Dresden - Auf einer internationalen Plattform wurden 100.000 Neugeborene in Europa auf ein erhöhtes genetisches Risiko für Typ-1-Diabetes getestet. Maßgeblich an dem Erfolg beteiligt ist ein Forscherteam von der TU Dresden und CRTD. Die 100.000 voll machte der zwei Wochen alte Arthur aus Eilenburg in Sachsen. Ziel des Screening und einer Präventionsstudie ist es, die Autoimmunerkrankung Typ-1-Diabetes zu verzögern oder gar zu verhindern.
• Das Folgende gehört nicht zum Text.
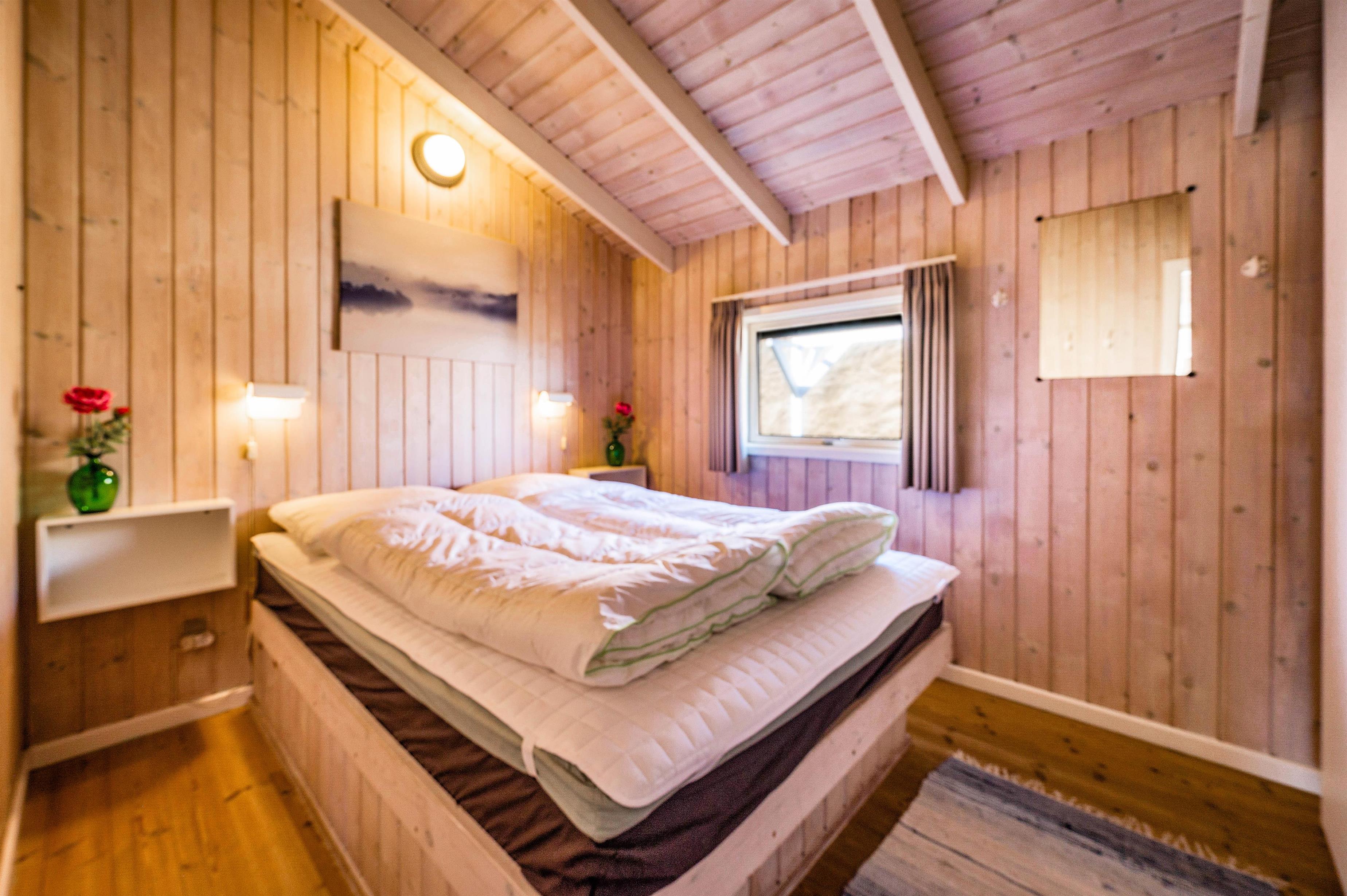 Huset er indrettet med 4 lyse og gode soveværelser. 3 af disse værelser er udstyret med komfortable dobbeltsenge, mens det sidste værelse er indrettet med 1 køjeseng og et mindre skrivebord. I har derfor god plads til at kunne invitere bedsteforældrene med på ferie.
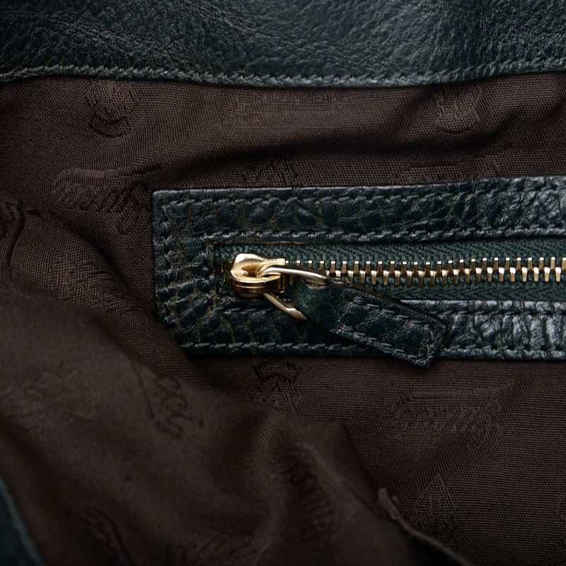 外側⇒レザーにスレ サイド⇒若干の型崩れ 底面⇒角スレ ハンドル⇒ヨレ・コバひび割れ 金具⇒小キズ・変色 開閉口⇒ヨレ・フチスレ 内側⇒開閉口付近のレザーにシワ・ファスナーポケット内側に色あせ |
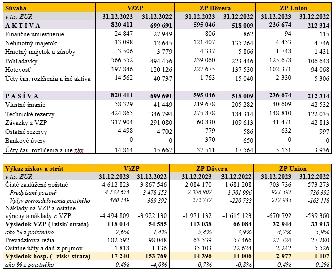 Tabuľky nižšie sumarizujú finančnú situáciu a výsledky hospodárenia troch zdravotných poisťovní: Všeobecná zdravotná poisťovňa, a. s. (ďalej „VšZP“), DÔVERA zdravotná poisťovňa, a. s. (ďalej „ZP Dôvera“) a Union zdravotná poisťovňa, a. s. (ďalej „ZP Union“).
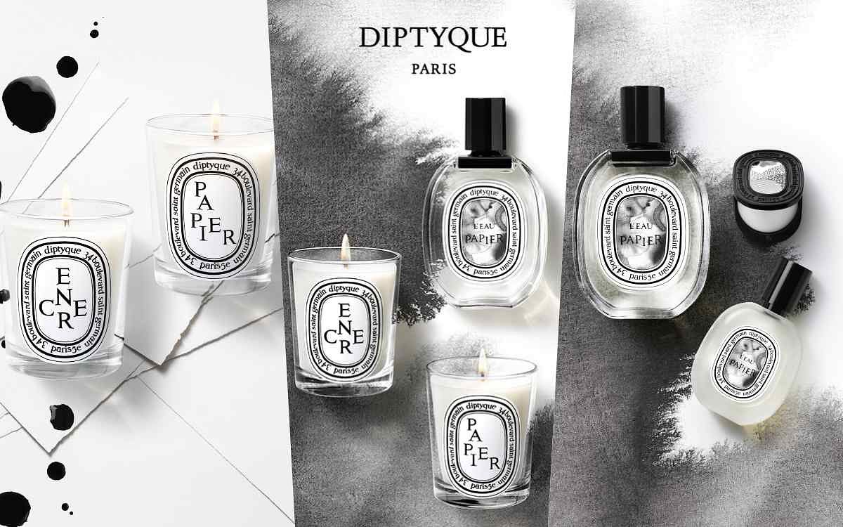 L’Eau Papier(紙染之水)淡香水誕生一週年後,Diptyque這次推出同款香調的其他用香儀式精品,以及兩款限量版香氛蠟燭:Encre(水墨)與Papier(紙絹)。
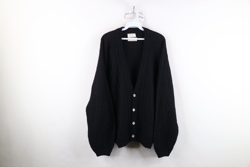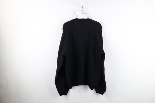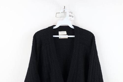 Vtg 50s 60s Rockabilly Mens L Heavy Mohair Wool Knit Cardigan Sweater USA Black
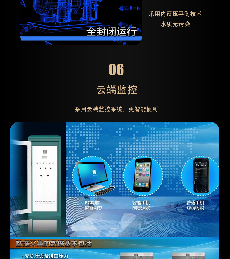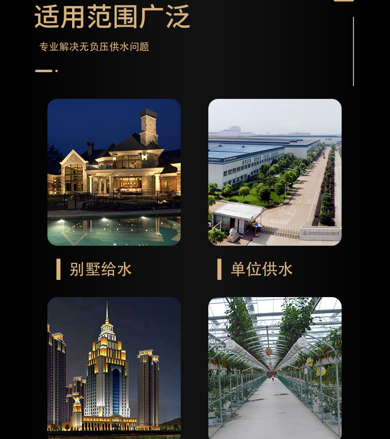 ALCW-F第五代無負(fù)壓供水設(shè)備是以市政管網(wǎng)為水源,充分利用了市政管網(wǎng)原有的壓力,形成密閉的連續(xù)接力增壓供水方式,節(jié)能效果好,沒有水質(zhì)的二次污染,是變頻恒壓供水設(shè)備的發(fā)展與延伸。適用于任何壓力不足的區(qū)域;住宅小區(qū)、寫字樓、商場(chǎng)、學(xué)校、部隊(duì)、工廠、浴池、景區(qū)、政府辦公樓、老舊泵房改造等;工礦企業(yè)的生產(chǎn)生活用水,各種循環(huán)用水系統(tǒng)。
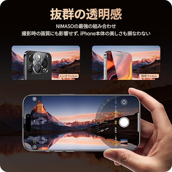 【組み合わせセット】フィルム製品で大人気のNIMASOがついに、液晶保護フィルムと レンズ保護フィルムの組み合わせを出品いたしましたスクリーンとレンズを両方保護。 この組み合わせセットで大事なスマホを徹底的に守りましょう。それぞれフィルムが二枚ずつあり、スクリーン保護フィルムにはさらに「ガイド枠」もついております。貼り付け時にず れる心配はありません
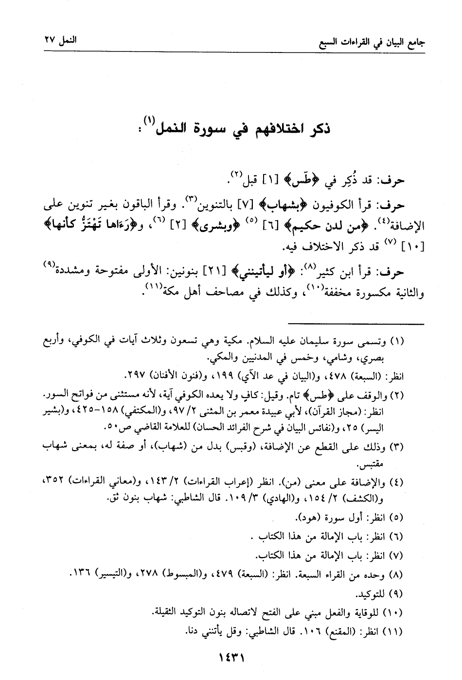 قرأ الكوفيون بشهاب [7] بالتنوين «3». وقرأ الباقون بغير تنوين على الإضافة «4». من لدن حكيم [6] «5» وبشرى [2] «6»، ورءاها تهتزّ كأنها [10] «7» قد ذكر الاختلاف فيه.

Wird bei einem Neugeborenen im Rahmen des Screeningtests - in Sachsen der sog. Freder1k-Studie - ein erhöhtes Risiko festgestellt, werden die Eltern eingeladen, mit ihrem Kind an der Präventionsstudie „POInT“ mit oralem Insulin teilzunehmen. 

Studienzentren in fünf europäischen Ländern (Deutschland, Belgien, Polen, Schweden und Großbritannien) begannen im November 2017 mit der innovativen Studie, darunter das Forschungsteam um Prof. Ezio Bonifacio (Zentrum für Regenerative Therapien Dresden, Medizinische Fakultät Carl Gustav Carus der TU Dresden) und Prof. Reinhard Berner (Klinik und Poliklinik für Kinder- und Jugendmedizin, Universitätsklinikum Carl Gustav Carus Dresden). „Wir sind sehr glücklich, dass wir bereits 100 000 Kinder über GPPAD screenen konnten und sind vor allem den beteiligten Kliniken und Ärzt*innen sehr dankbar“, sagt Prof. Bonifacio. „Diese Zahlen zeigen uns, dass die Familien ein starkes Interesse daran haben, den Risikostatus ihrer Kinder zu erfahren. Wir sind damit auf einem sehr guten Weg in Richtung unserer Zielsetzung, bis 2022 europaweit insgesamt 330 000 Neugeborene zu untersuchen. Und natürlich hoffen wir, dass unser Behandlungsansatz im Rahmen der Präventionsstudie ‚POInT‘ funktioniert. Dies wäre ein großer Schritt hin zu unserer Vision einer Welt ohne Typ-1-Diabetes. Doch bereits heute profitieren die Familien von der Früherkennung – durch Beratung und die exzellente medizinische Betreuung an all unseren Studienstandorten. Selbst wenn einige der Kinder Typ-1-Diabetes entwickeln sollten, werden die Familien durch die engmaschige Betreuung und rechtzeitige Schulung mögliche schwerwiegende Komplikationen vermeiden und so auch den allgemeinen Krankheitsverlauf verbessern.“

Familie Klinger, deren Tochter Lisa an der ‚POInT‘-Studie teilnimmt, fügt hinzu: „Aufgrund der Erkrankung ihres Bruders ließen wir unsere Tochter Lisa mit der ,Freder1k’-Studie testen. Wir freuen uns mit der Teilnahme ein Stück zur Bekämpfung der Krankheit beizutragen und den Ausbruch eventuell bei unserer Tochter zu verhindern. Bei Erfolg könnte es schon unseren Enkeln diese Erkrankung ganz ersparen und ihnen somit eine “normale” Kindheit ermöglichen. Wir haben nicht gezögert und sind froh, ein Teil der Freder1k- und POInT-Studie zu sein. Ein Dank an das ganze Team!“

Das Screening im Rahmen der ,Freder1k’-Studie wird mithilfe weniger Tropfen Blut durchgeführt, die aus der Nabelschnur direkt bei der Geburt oder später aus der Hand oder der Ferse des Kindes gewonnen werden. Die Teilnahme ist kostenlos und für Neugeborene bzw. junge Säuglinge bis zu vier Monaten möglich.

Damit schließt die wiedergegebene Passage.